Milwaukee began paying higher wages to approximately 450 workers, ranging from crossing guards to office assistants, at the end of September, said Makda Fessahaye, director of the city’s Department of Employee Relations.
Previously, some workers had made as little as $8 an hour. About half of the workers who will get raises are minorities or women, she said.
“This is something we strongly believe in because not only is it the right thing to do, but it will help us with our recruitment and retention efforts for the city of Milwaukee,” Fessahaye said during a hearing in June on the proposal. “We have come to realize especially during the pandemic that a living wage is really necessary to survive.”
The increase will cost the city $1.4 million a year, but officials expect departments to be able to offset the costs within their own budgets, she said.
Much of the municipal discussion around a $15 minimum wage has been focused on the private sector and providing workers a living wage, said Brooks Rainwater, senior executive and director of the National League of Cities’ Center for City Solutions. But the tight labor market has pushed the private sector to increase wages, in many cases created a de facto $15 an hour minimum wage even without state and local mandates. The fact some cities are focused exclusively on raising wages for their own employees speaks to the workforce issues they have encountered during the pandemic, Rainwater said.
“There is a really strong focus on retaining and attracting talent,” he said.
Facing worker shortages, other state and local governments have offered hiring bonuses for certain hard-to-fill positions and others are embracing remote work as a way to compete.
For many lawmakers and city officials, increasing municipal salaries is about fairness.
New Orleans Councilmember Jared Brossett, who sponsored legislation to raise wages there, said the driving force behind doing so is to create a more equitable city.
“We know there is an affordable housing crisis here and around the country. No family can live off $7.25,” he said in a statement after the bill’s passage, citing the federal minimum wage. “While there is so much work to do to create a more equitable city this is a big first step city workers deserve to not just scrape by, but thrive in the city they so graciously serve.”
The New Orleans City Council voted in October to increase the minimum wage for city workers from $11 to $15 an hour. The wage hike will go into effect next year. A wage hike affecting city contractors will take effect in 2023.
A spokesman for Mayor LaToya Cantrell said the municipal worker wage increase would cost the city about $10.2 million a year.

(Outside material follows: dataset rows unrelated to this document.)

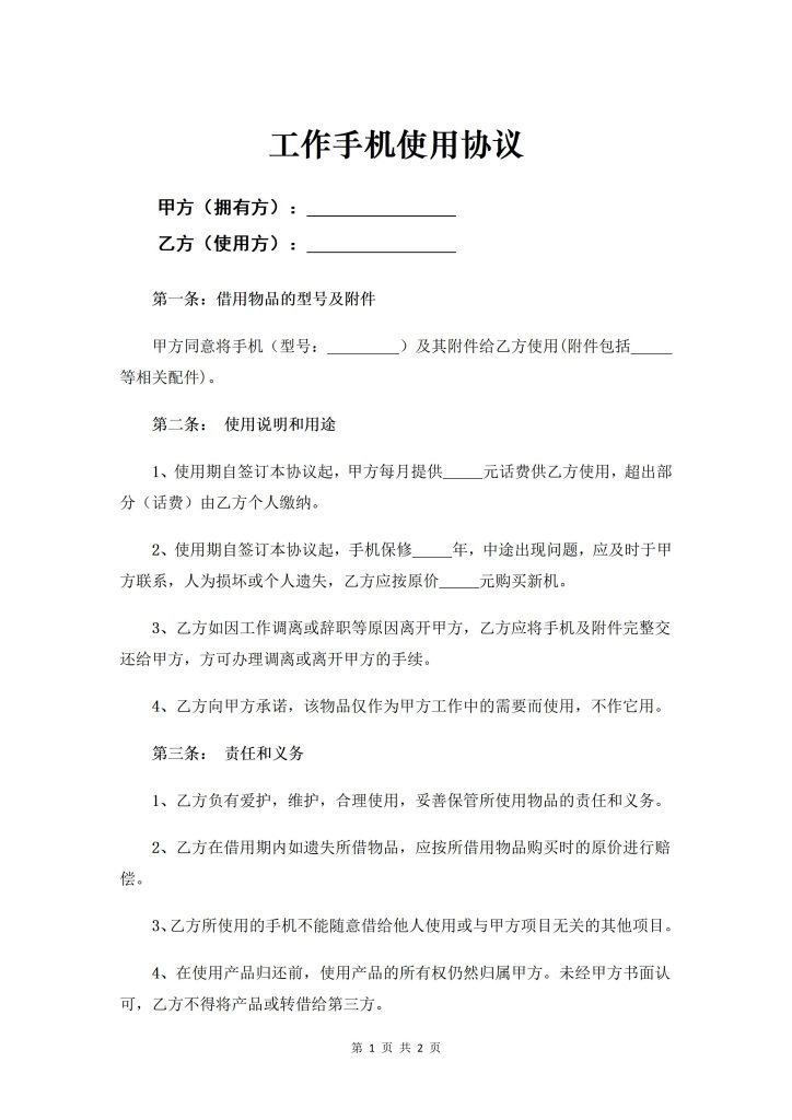 本合同模板为《工作手机使用协议》,适用于甲方(用人单位)将工作手机及其配件借给乙方(员工)使用时签订。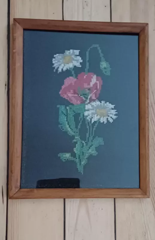 Siuvinėtas paveikslas įstiklintas su mediniu rėmeliu 33,5 cm/ 26 cm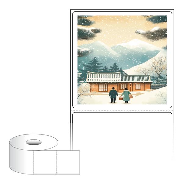 출력용 롤타입 스티커 디자인 라벨지, 규격코드: RS7573, 디자인코드: DA1575(설, 따뜻한 귀향), 75 x 73 (mm) , 지관: 40mm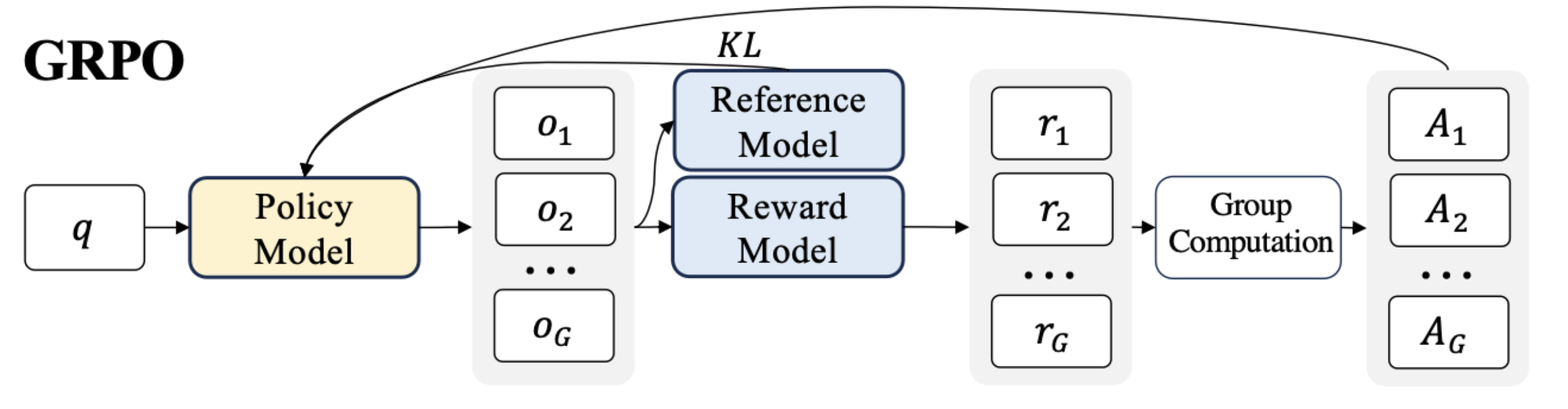 \(\{o_1, o_2, \ldots, o_G\} \sim \pi_{\theta_{\text{old}}}(\cdot \mid q)\) - Score each completion with a reward function: \(r_i = r(o_i, q)\)

The Tallahassee City Commission also approved a plan this summer to raise the minimum wage for municipal workers to $15 an hour.
The ability to raise municipal wages will vary from larger cities to smaller municipalities. It would likely be much more costly to enact a $15 an hour minimum wage in a state that does not set its own minimum wage and uses the federal government’s $7.25 wage, than in a state that has a higher wage in place, Rainwater said.
When municipalities have raised the minimum wage for businesses, it tends to create a ripple effect that increases wages in surrounding areas, Rainwater said, expecting the same could be true for municipal worker wages. If cities are not in the financial position to raise wages right away, Rainwater said they could look to phase in those increases over time.
Andrea Noble is a staff correspondent with Route Fifty.